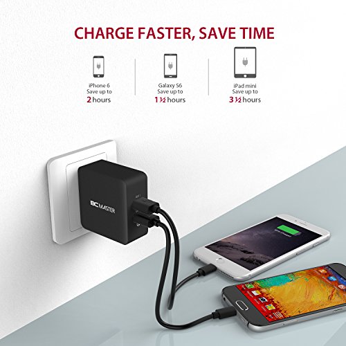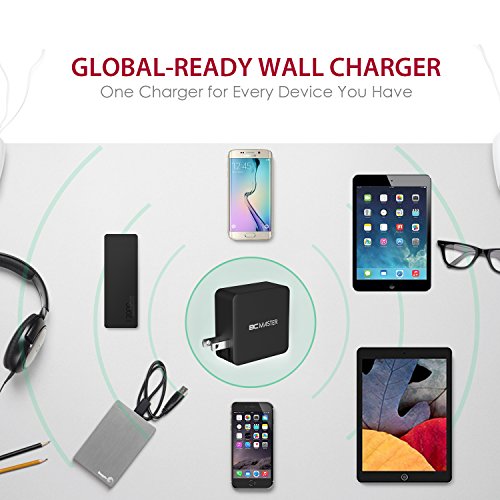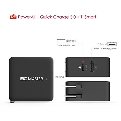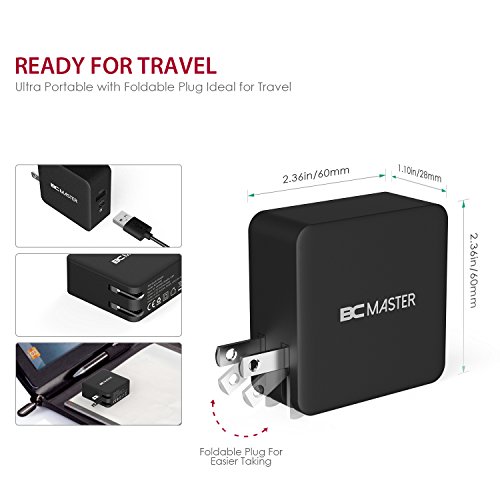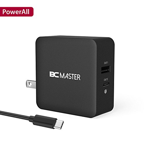 Wall Charger,BC Master 2 Port Foldable Quick Charge 3.0 34.5W with USB C to C Cable for Samsung,Iphone,LG G5,HTC 10,Samsung Galaxy S8, S8 Plus,New Macbook,Google Chromebook and More(Black)
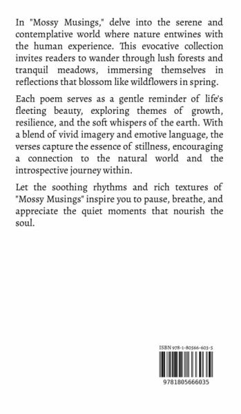 In "Mossy Musings," delve into the serene and contemplative world where nature entwines with the human experience. This evocative collection invites readers to wander through lush forests and tranquil meadows, immersing themselves in reflections that blossom like wildflowers in spring. Each poem serves as a gentle reminder of life's fleeting beauty, exploring themes of growth, resilience, and the soft whispers of the earth. With a blend of vivid imagery and emotive language, the verses capture the essence of stillness, encouraging a connection to the natural world and the introspective journey within. Let the soothing rhythms and rich textures of "Mossy Musings" inspire you to pause, breathe, and appreciate the quiet moments that nourish the soul.
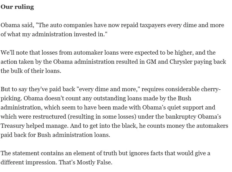I would add that the money the auto companies received wasn't free. It was a loan.
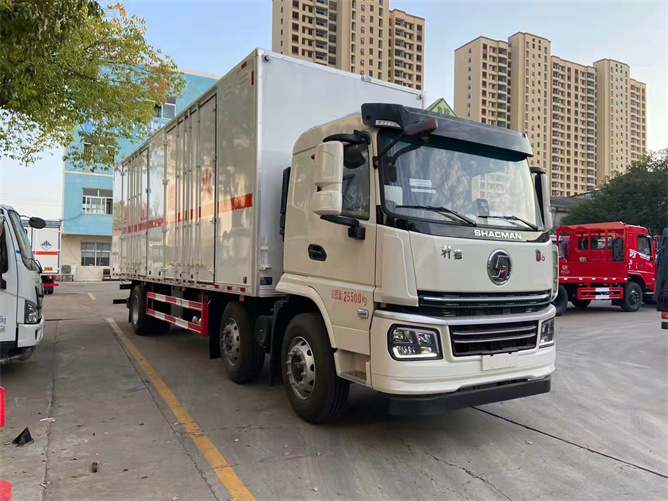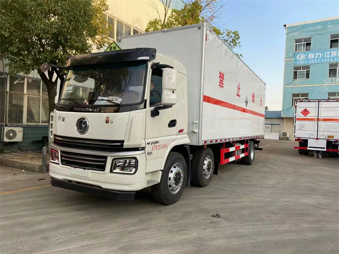據(jù)悉,此輛陜汽軒德危險品運輸車是新出的一款黃牌危險品運輸車,貨廂尺寸為:8600*2450*2500 mm,底盤結構為小三軸式,緊湊但裝載能力超強,玉柴245馬力的發(fā)動機表現(xiàn)優(yōu)越,很適合長途運輸作業(yè)。
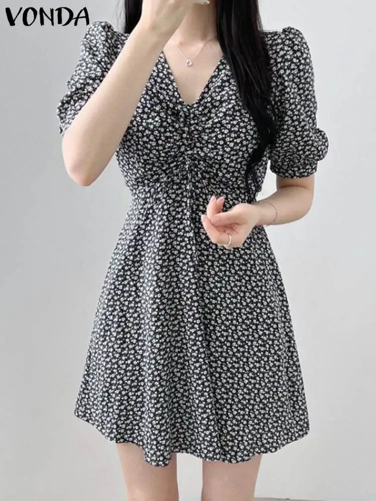 VONDA Y2K элегантное модное женское Плиссированное праздничное платье с цветочным принтом, короткая туника, женское платье с коротким рукавом ...
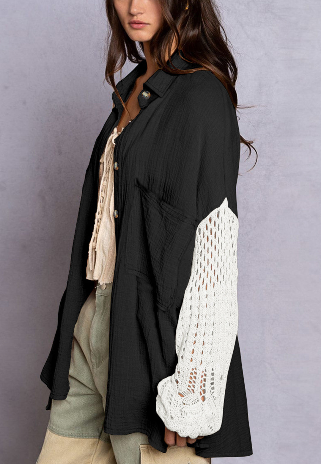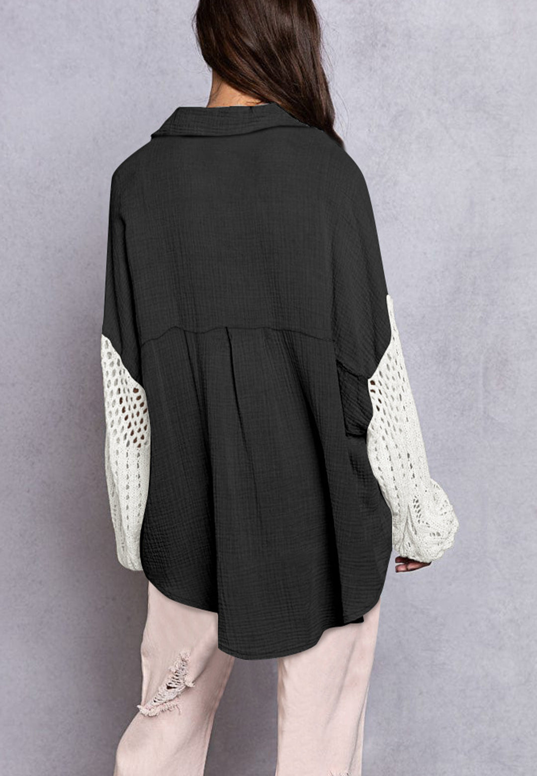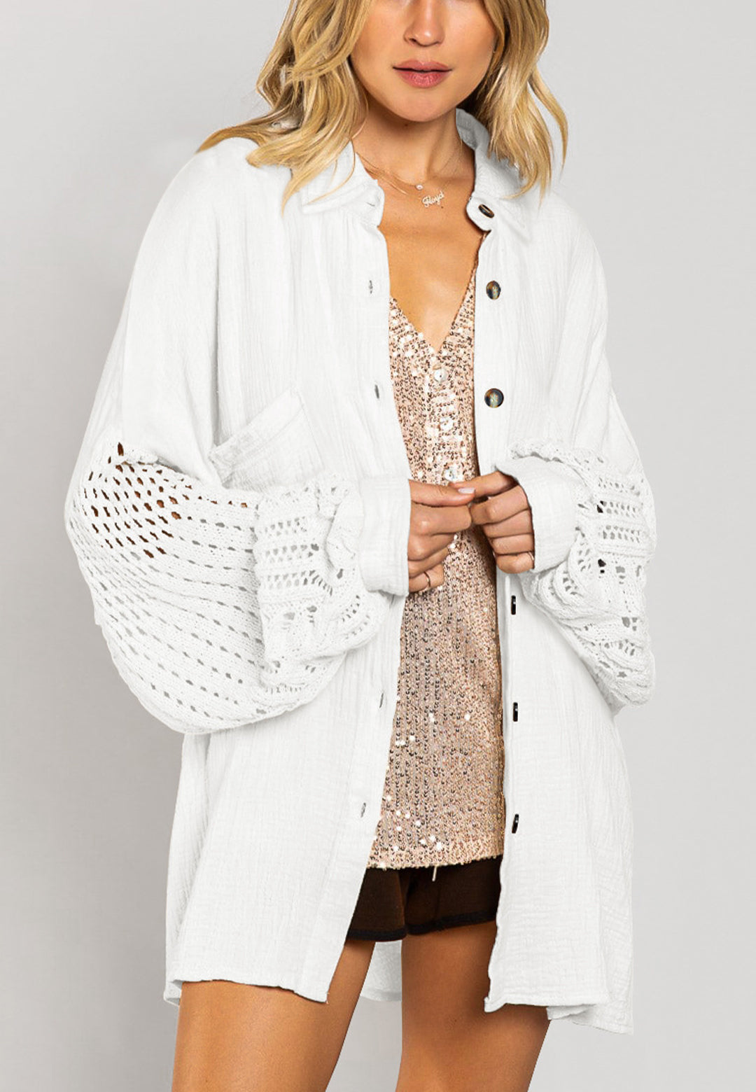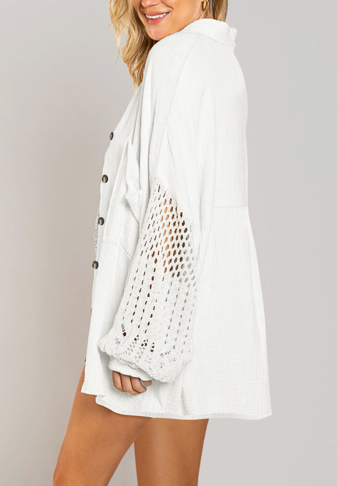 La camisa está decorada con un divertido material texturizado. Tiene cuello, color liso, cierre con botones, hombros caídos, mangas largas y corte holgado. Llévala con un top corto y pantalones para lograr un estilo relajado.

▶ Action item
Set down exactly and only the lines from the line that contains "據(jù)悉,此輛陜汽軒德危" through the last line of the entries above, with both of those lines included and the pictures left out.

▶ Problem solution
據(jù)悉,此輛陜汽軒德危險品運輸車是新出的一款黃牌危險品運輸車,貨廂尺寸為:8600*2450*2500 mm,底盤結構為小三軸式,緊湊但裝載能力超強,玉柴245馬力的發(fā)動機表現(xiàn)優(yōu)越,很適合長途運輸作業(yè)。
 VONDA Y2K элегантное модное женское Плиссированное праздничное платье с цветочным принтом, короткая туника, женское платье с коротким рукавом ...
 La camisa está decorada con un divertido material texturizado. Tiene cuello, color liso, cierre con botones, hombros caídos, mangas largas y corte holgado. Llévala con un top corto y pantalones para lograr un estilo relajado.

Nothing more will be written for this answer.